Je suis nègre et fier de l’être

«L’expression «le mot qui commence par N» équivaut pour moi à une annihilation, car ce «N», symbole de ce qu’on a peur de nommer, est le «N» du Nihil, du Néant» écrit l’auteur.
Image: Olivier Zuida et Digital Vison «L’expression «le mot qui commence par N» équivaut pour moi à une annihilation, car ce «N», symbole de ce qu’on a peur de nommer, est le «N» du Nihil, du Néant» écrit l’auteur.

Cette réflexion a été écrite en plein coeur de la crise du mot en n courant octobre 2020. Sa publication à ce moment-ci s’inscrit dans le cadre du Mois de l’histoire des Noirs et fait écho au débat actuel sur la liberté pédagogique où l’auteur se sent interpellé en raison de ses travaux sur le 18e siècle.

Je suis de race noire. Je suis homme dans le sens générique du terme. Dans ma langue natale, le créole haïtien, cela se traduit justement par le mot « Nèg ». Ce mot me rappelle que ma valeur humaine est intrinsèque, absolue. Ce mot « Nègre » n’est pas ordinaire pour ceux dont il affirme l’état d’humanité après en avoir trop longtemps désigné le déni. Ce mot est une conquête chèrement acquise. Admettre sa disparition, c’est accepter d’être anéanti, mis hors du monde, désigné comme non-être. L’expression « le mot qui commence par N » équivaut pour moi à une annihilation, car ce « N », symbole de ce qu’on a peur de nommer, est le « N » du Nihil, du Néant.

J’ai grandi dans le terreau de la Négritude, mouvement littéraire inspiré de Jean-Price Mars (1928), animé par le Sénégalais Léopold Sédar Senghor, le Martiniquais Aimé Césaire, l’Haïtien René Depestre. Les ondes de cette Négritude résonnent encore chez Maryse Condé, Yanick Lahens, MarieCélie Agnant, Édouard Glissant, Patrick Chamoiseau, Raphaël Confiant, Émile Ollivier, Anthony Phelps, Dany Laferrière, Rodney Saint-Éloi et combien d’autres. Toutes, tous, enfants de la Négritude, de cette Négritude humaniste, philosophique, littéraire et artistique qui a su s’opposer aux errements fascisants du Noirisme politique versé dans d’horribles dictatures.

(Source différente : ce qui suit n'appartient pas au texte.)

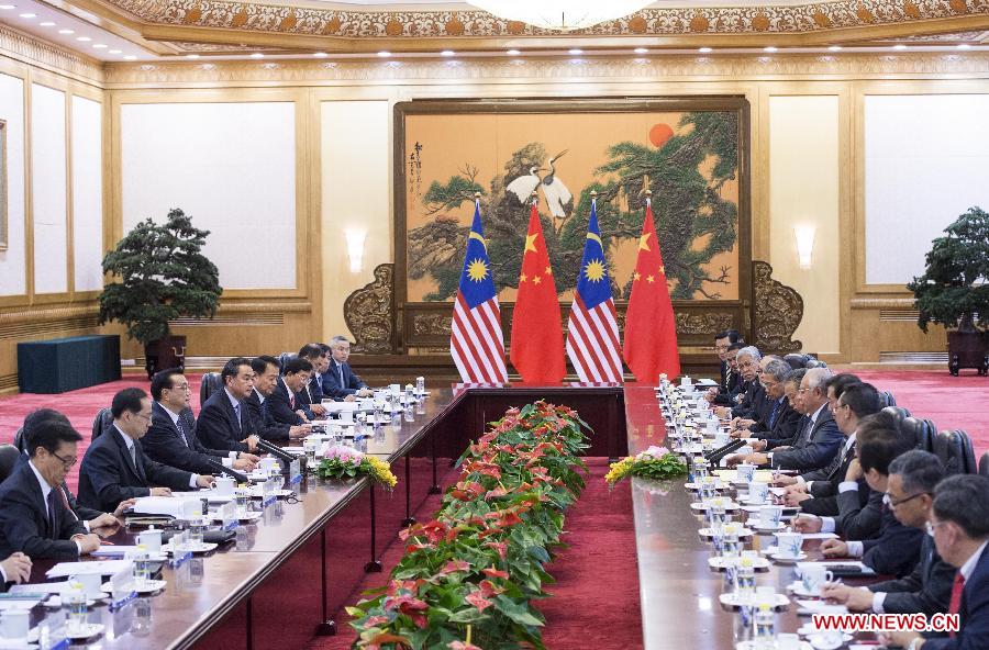 Chinese Premier Li Keqiang holds talks with Malaysian Prime Minister Najib Razak in Beijing, capital of China, May 29, 2014. (Xinhua/Wang Ye) |
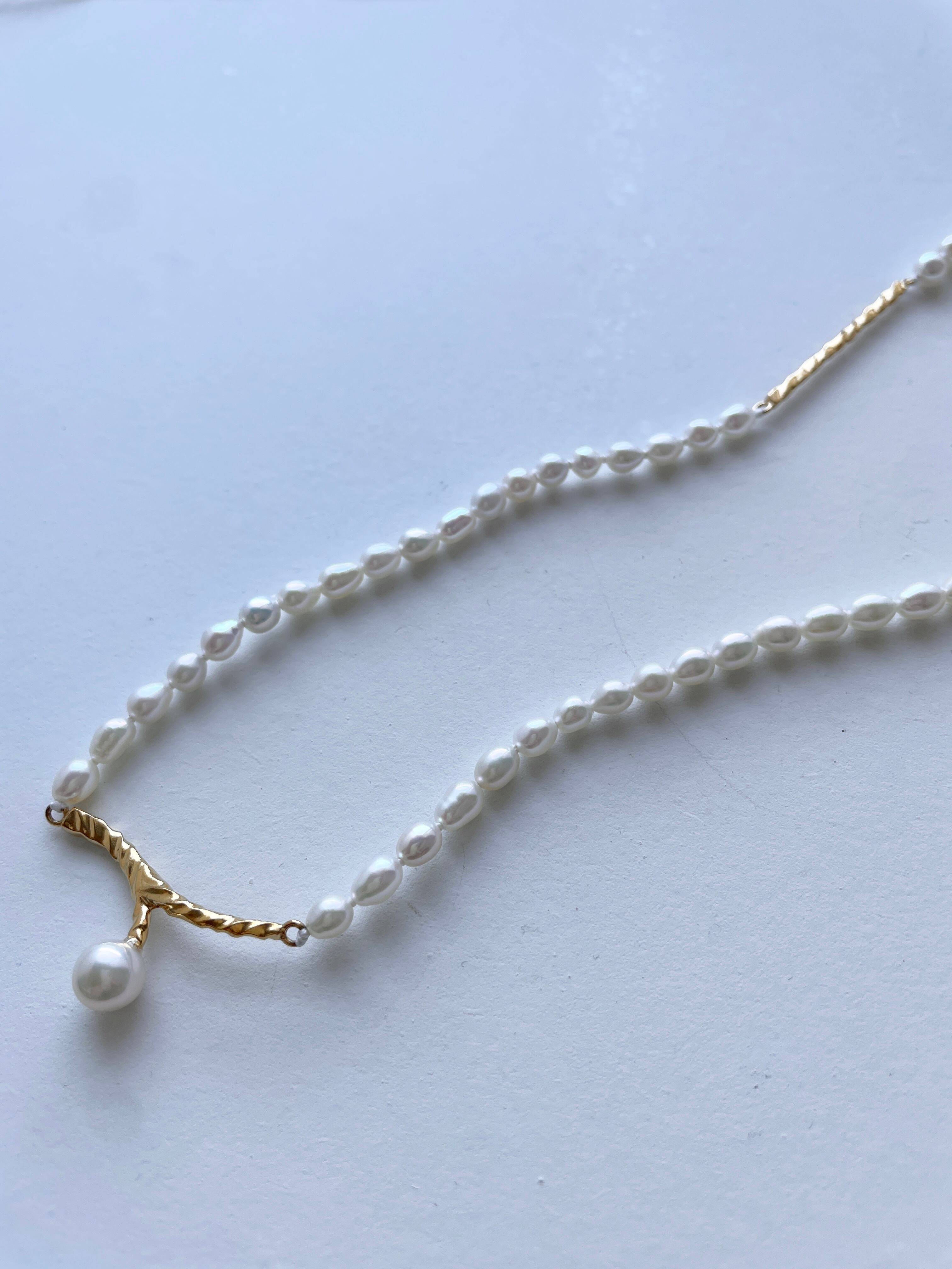 パールとワンポイントアクセントのネックレス。
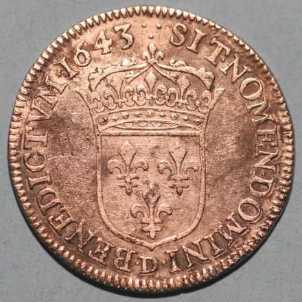Il s'agit donc de mon premier Louis XIII et c'est un 1/4 d'écu à la cuirasse 1643 atelier D.

Mon grand-père maternel qui s’adonnait à la poésie dans les années 1920-1940, signait avec fierté ses écrits du pseudonyme Négro, anagramme de son prénom Égron. Mon identité culturelle et intellectuelle s’est forgée au cœur de cette Négritude qui m’inspire le rejet de tout diktat afin d’entretenir un dialogue nourri de savoirs et d’altérité.

Ce mot « Nègre », corrompu dans la bouche des esclavagistes, a connu une rédemption majestueuse, flamboyante qui mérite d’être immortalisée. En effaçant ce mot « Nègre » de la langue française, on ferait disparaître d’un trait l’essentiel de la littérature et de la pensée haïtienne et antillaise du XXe siècle. Ce mot « Nègre » pave tous les domaines de mes recherches historiques et patrimoniales portant sur le XVIIIe siècle et au-delà. Le Nègre avait alors, par la voix de Toussaint Louverture, envoyé à l’humanité le signal de son existence indubitable et de ses promesses libératrices. Ceux qui y ont reconnu la grandeur du Nègre se sont immédiatement opposés à son avilissement et le Nègre s’est chargé lui-même de son propre épanouissement. Tout ce que j’étudie, tout ce que j’écris germe dans un terroir ensemencé par ce mot. J’ai le devoir de partager ces savoirs et la liberté de les clamer. Je suis de ceux qui n’ont pas peur du mot « Nègre », de ceux qui combattent son utilisation détournée et stupide à des fins agressives, racistes et humiliantes. Je suis de ceux qui affectionnent et cultivent le mot « Nègre », car il est symbole de Renaissance. Aussi suis-je nègre et fier de l’être.